“EVERY BODY BOASTS OF FRIENDSHIP, BUT FEW KNOW IT”
DE SACY, Louis Silvestre. A Discourse of Friendship. London: Printed for the Booksellers of London and Westminster, 1707. 12mo, contemporary full gilt-paneled burgundy morocco, elaborately gilt-decorated spine, raised bands, marbled endpapers, all edges gilt. $1100.
Scarce first edition in English of de Sacy’s philosophical reflections on friendship, handsomely bound in contemporary morocco-gilt.

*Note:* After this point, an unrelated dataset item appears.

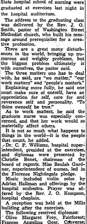 Dr. C. F. Williams, hospital superintendent, presided at the exercises, and diplomas were presented by Christie Benet, chairman of the board of regents. Miss Beulah Gardener, superintendent of nurses, led in the Florence Nightingale pledge.

"Whether considered in the light of Ancients like Aristotle or Cicero, or French Moderns such as Montaigne, La Fontaine and Saint-Évremond, friendship became in the Age of Enlightenment a common subject in all aspects of French cultural life and literary forms of discourse. It was much reflected upon in salons, in correspondences and in philosophical treatises. Indeed, there were more than ten such treatises specifically on the matter published over the course of the [18th] century," the present work, first published in 1703 as Traité de l'amitié, being among the earliest (Johnson, 185). Without final blank.
Marginal embrowning, inner paper hinges split, contemporary morocco handsome, gilt bright. A lovely volume. Scarce.